Cloud Materials Database (CMDB)
User ViewPoint
Usage Case Diagram Actors
General Description
The Cloud Materials Data Base (CMDB) offers homogeneous access to heterogenous data storage. Processes, linked to a CHADA and MODA definition, will be represented, and their different steps connected to material data. Upon uploading a certain file, the CMDB offers different data processing options to extract and generate semantic and relational data from the files. All data is then stored and interconnected for future retrieval.
Model
Roles
System admin: Has full control over the system and its management.
Data scientist: Generates data that will be stored in the CMDB.
Data consumer:: Browses the data stored in the CMDB.
Mockups
Activity 1
Create a new knowledge item
Add files to a knowledge item
Add metadata to a kItem
Activity 2
Browse all available knowledge items
View a specific knowledge item
Functional ViewPoint
General architecture
Implementation ViewPoint
Architecture of Toolkits
The CMDB offers a homogeneous storage solution for heterogeneous data. Relational, graph and object storage solutions are available and orchestrated via a central backend. Users (both human and machines) interact with the platform via the GUI or the Python SDK, with the user authentication component checking their identity. Internal data processing tools allow the pre-processing of the data to extract relevant knowledge prior to its storage.
Required components
Hardware componentes
The only hardware requirement for deployment of the toolkit is an internet reachable server with enough available resources for handling the requests and sufficient storage for all the datasets that might be sent to the CMDB.
Data Storage
The core functionality of this toolkit is data storage. Three types of databases are required:
Relational: Tabular data extracted from the processed uploaded data.

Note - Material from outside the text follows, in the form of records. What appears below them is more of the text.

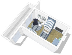 Kommentare (14)Liebe Carina, ich bin keine Pro, habe aber eine Grundriss-Idee für Euer (schiefes:) Zimmer, siehe meine Skizze. Hinter die Eingangstür würde ich 100cm Schrank stellen (zB. Pax von Ikea, 35cm tief), da fällt er wenig auf und Ihr habt viel Stauraum. Zum Bsp 50 cm Regalboden-Schrank für Eure Aktenordner und 50 cm Ausziehkleiderstangen-Schrank für Eure Gäste. Daran anschließend kann ein Schrankbett stehen (dieses hier nur als Beispiel der Maße wegen, es hat auch die gleiche Höhe wie die Pax Schränke: Schrankbett 140 Liegefläche), das je nach Qualität eine gute Schlafmöglichkeit für Gäste bietet, aber im Alltag nicht stört / "rumsteht". Es gibt auch Schrankbetten, die mit Regalen aufgelockert sind, um eine "Schrank-Wand-Atmosphäre" zu vermeiden. Am Ende dieser Seite würde ich eine (selbst/ von SchreinerIn gebaute) Schreibtischplatte ansetzen, die über Eck geht und die gesamte Wandfläche der kurzen Wand abdeckt. Dabei wärt Ihr flexibel, was Eure gewünschte Schreibtisch-Tiefe betrifft und Ihr könntet auch Schubladen-Container als "Füße" verwenden etc. Zwar guckt Ihr dann während des Arbeitens die Wand an, aber die könnt Ihr ja zum Einen mit Bildern o.ä. verschönern und zum Anderen... ....könntet Ihr in der anderen Zimmerecke einen gemütlichen Sessel so flexibel hin schieben, dass Ihr durchs Fenster rausgucken und chillen könnt. Praktisch an dem ganzen finde ich, dass Ihr nichts umbauen/ zur Seite räumen müsst, wenn Gäste kommen. Schrankbett runterklappen und fertig! Beste Grüße und viel Erfolg beim Ideen-Sammeln und -Umsetzen, Jennifer...mehrBrauche Hilfe bei der Planung vom Anbau
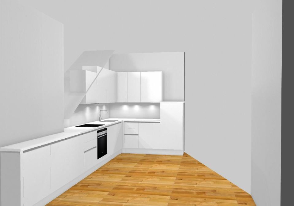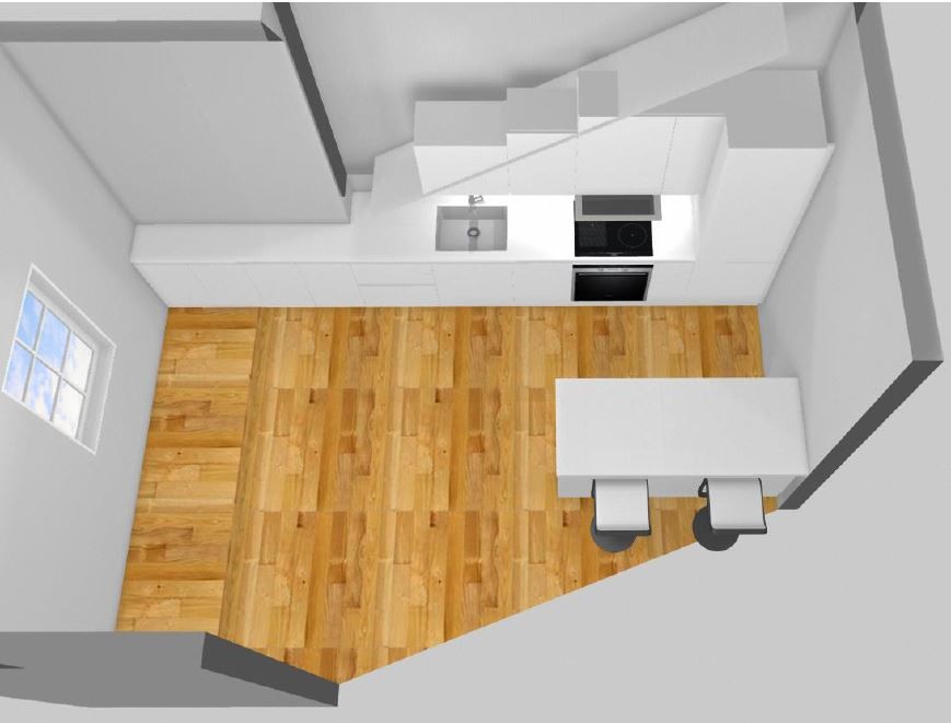 Detta är snarlikt hur det ser ut idag, med några små förflyttningar av vitvaror, samt köksön som inte finns idag, vi tror det kommer bli för smalt mellan köksön och övriga skåp.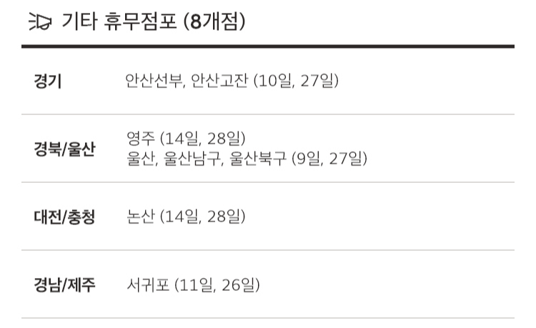 두번째로 2,4째주 수요일인 11월 9일과 11월 23일에도 여러 홈플러스 점포가 휴무하게 됩니다. 광역으로 살펴보면 경기, 경북/울산, 대전/충청, 강원 네 지역에 있는 지역이 해당합니다.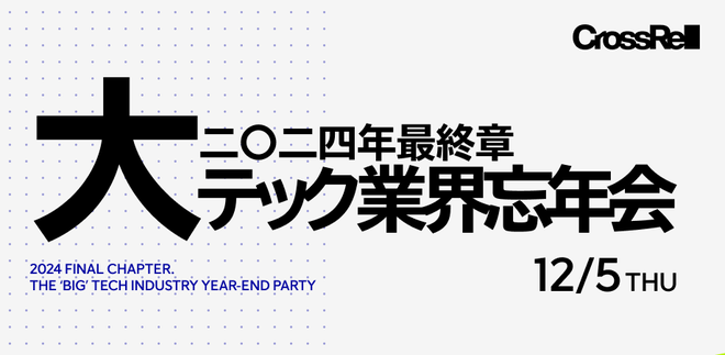 CrossRel2024年最後、最速の大型忘年会(当社調べ)です。エンジニア、デザイナー、PM…すべての開発職が集うイベントになります! 1年の出来事を振り返りながら、楽しく1年を締めくくりましょう!

Graph: Semantic data and metadata extracted from the raw file or defined by users.
Object storage: Storage of experimental raw files and other datasets.
Implementation Map
Data upload: The raw data coming for instance from a machine in a lab, is uploaded via the GUI, and additional metadata inputted in the upload form. This is sent to the backend, which may carry out additional data processing operations to extract relevant information from within the raw files. All data is then stored in the different databases, with unique identifiers to ensure consistency.
Data query via SDK: In this example, the GUI is circumvented, and the backend contacted directly. This allows people and machines (other DiMAT toolkits, for instance) to interact with toolkits via Python scripts. The method, in this case a query, is translated into the appropriate HTTP REST API request and sent to the backend, which gathers the relevant data from the different storages and provides a response.